The optimization device of the invention makes it possible to switch from a battery arrangement, for example 6S1P, to a 3S2P arrangement corresponding to at least two battery configurations. These configurations are switched according to the flight phase of the aircraft. A switch toggles from one configuration to another. Figure 4 shows an embodiment of an optimization device 2 of a set of batteries of the invention. The set of batteries comprises two subsets B1 and B2 of batteries. The device 2 comprises a switch for switching from a first configuration in which B1 and B2 are in series in a second configuration in which B1 and B2 are in parallel. The first configuration, illustrated in FIG. 4, makes it possible to obtain two sets of batteries B1 and B2 in series. This configuration is conducive to release the power required for takeoff. This configuration is maintained for a relatively short period of time of the order of a few seconds to a few minutes. A planned duration is of the order of 15s during which the aircraft delivers maximum or near thrust.

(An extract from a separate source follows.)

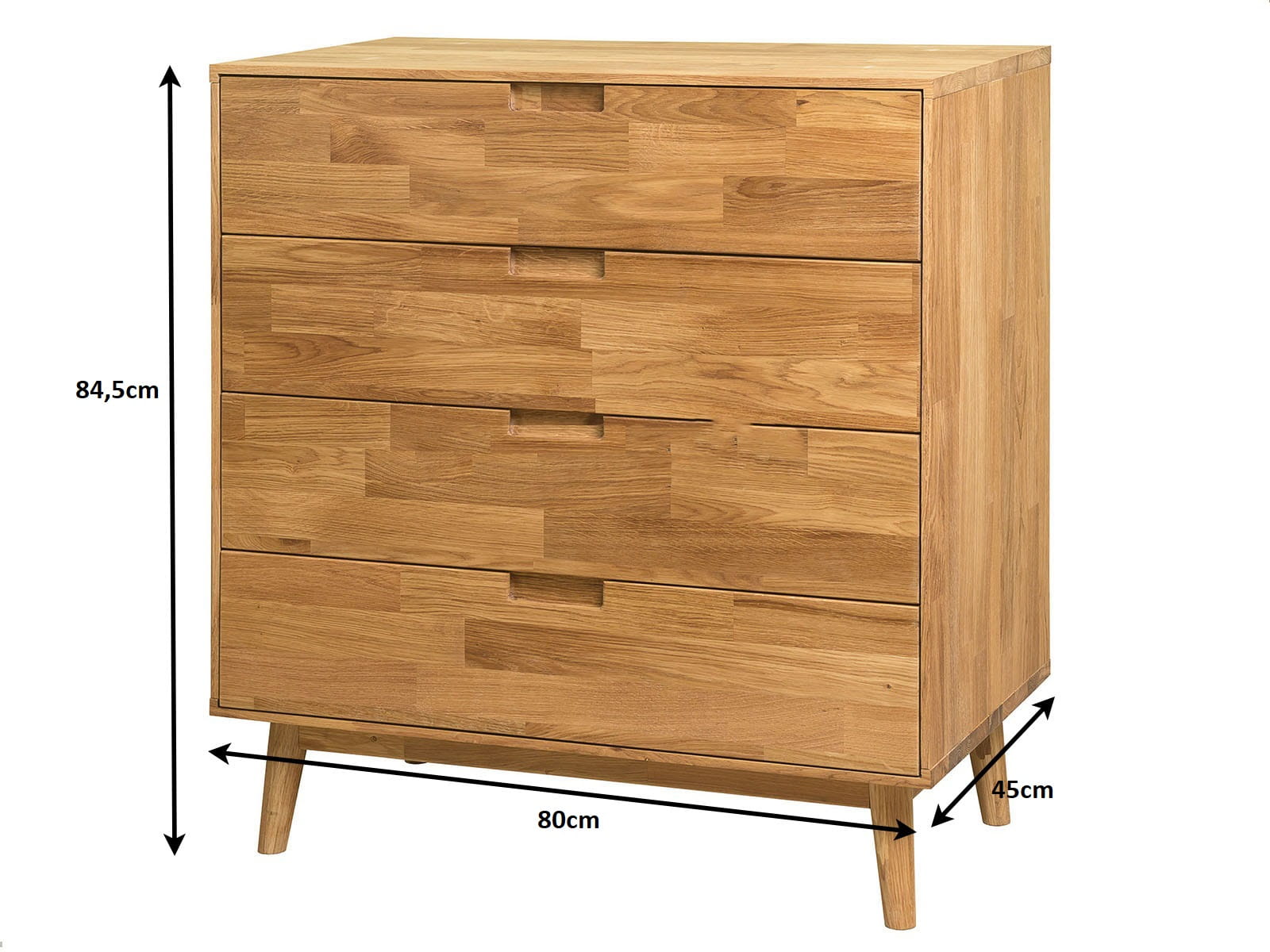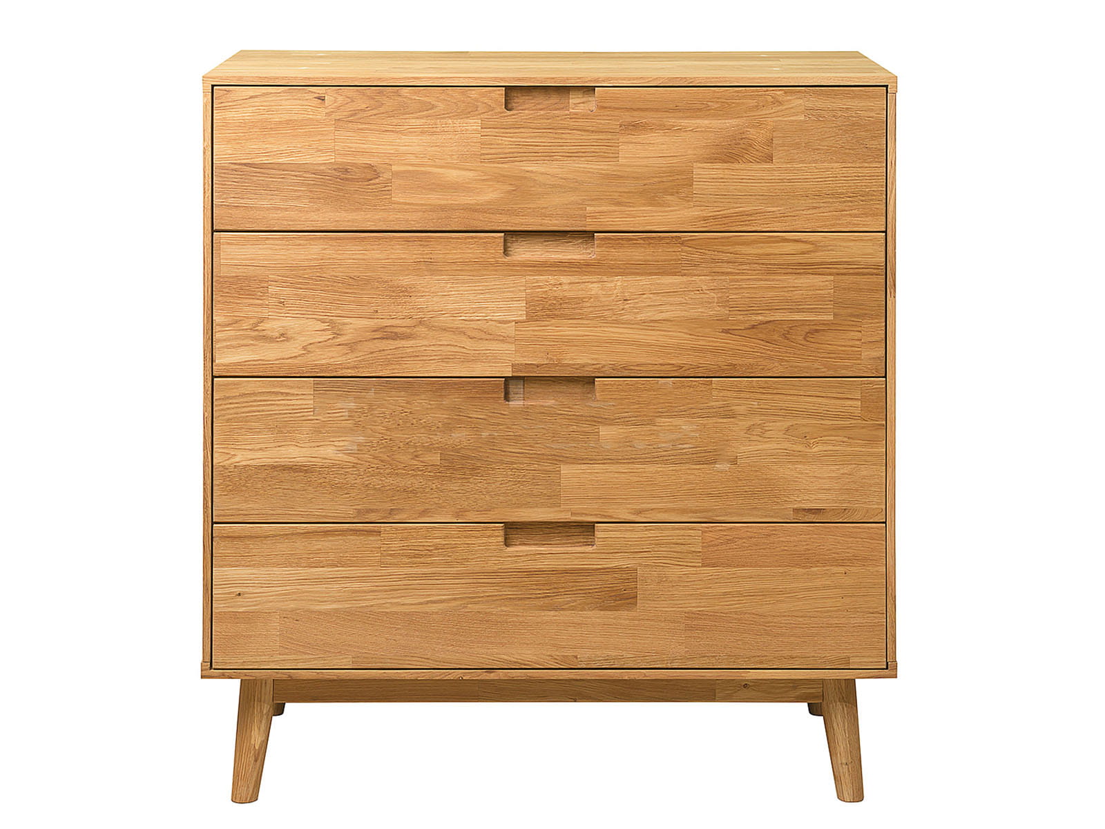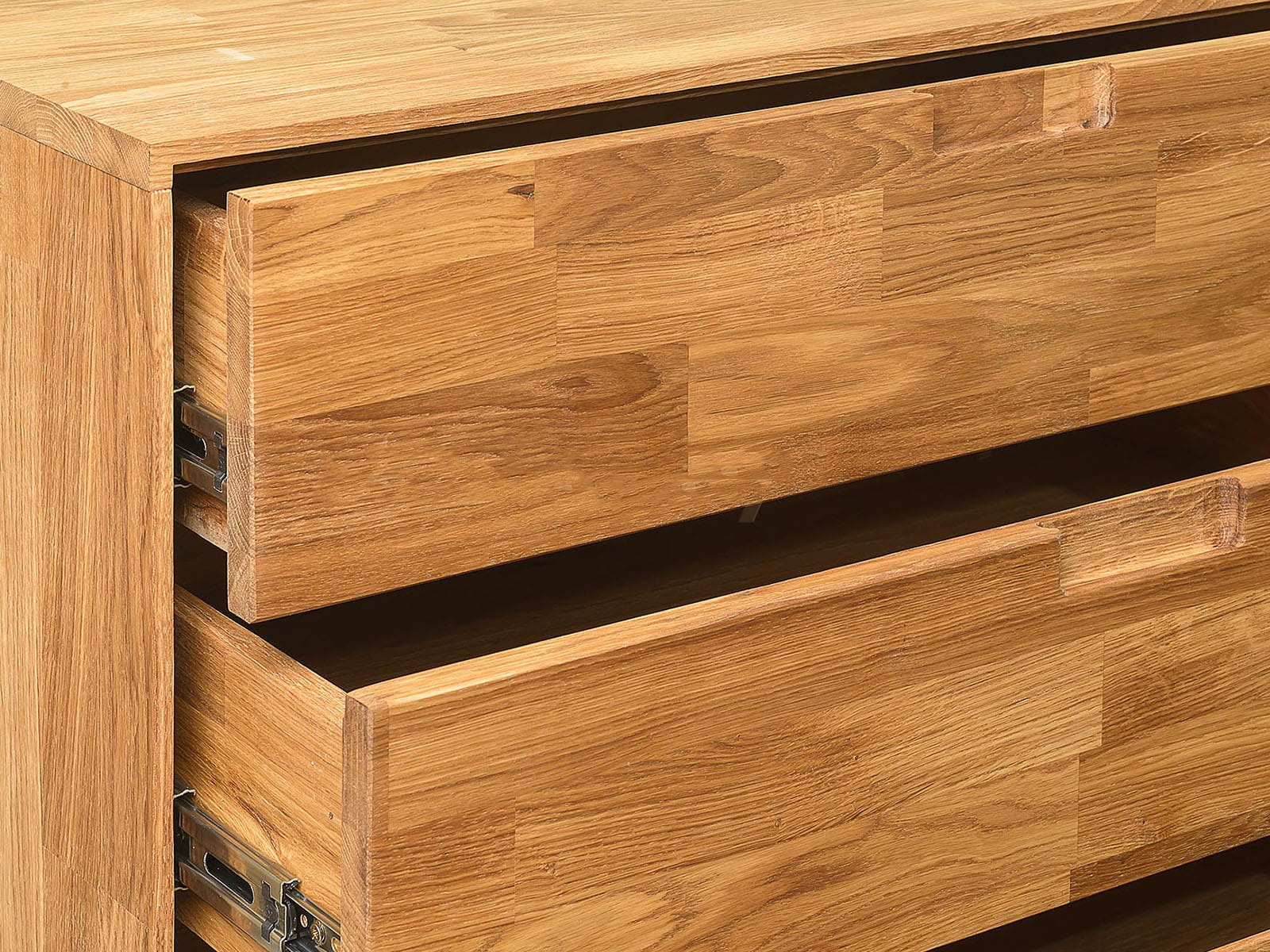 V NEJLEPŠÍ KVALITĚ Komoda Bergen je vyrobena z vysoce kvalitního dubového dřeva, které je skutečným "bílým havranem" mezi stromy. V zrnech, sucích a přirozeném zbarvení nacházíme přirozenou, bohatou historii tohoto dřeva, ze které můžeme čerpat zdroj mimořádné inspirace pro náš domov. PRAKTICKÉ VYUŽITÍ Komoda má elegantní, přírodní vzhled. Kromě stylového, mimořádně útulného designu má také řadu praktických funkcí. Čtyři masivní, prostorné zásuvky dokonale pojmou všechny kusy oblečení a další potřebné drobnosti. Komoda bude dokonalým a praktickým doplňkem k dalšímu výjimečnému nábytku z mimořádně stylové kolekce Bergen. KOMODA JE VYBAVENA 4 prostornými zásuvkami Frézované úchyty na čelech nábytku |

The second configuration, illustrated in FIG. 5, makes it possible to obtain two sets of batteries B1 and B2 in parallel. This configuration is conducive to optimize engine performance in cruising flight. This phase of flight can last from a few minutes to a few hours. A target mission duration can be from 1h to 2h.

Switching from one configuration to another allows optimization of performance in all phases of the flight. The switch makes it possible to drive a set of relays 50, 51 simultaneously so as to allow the passage from one configuration to another during the flight.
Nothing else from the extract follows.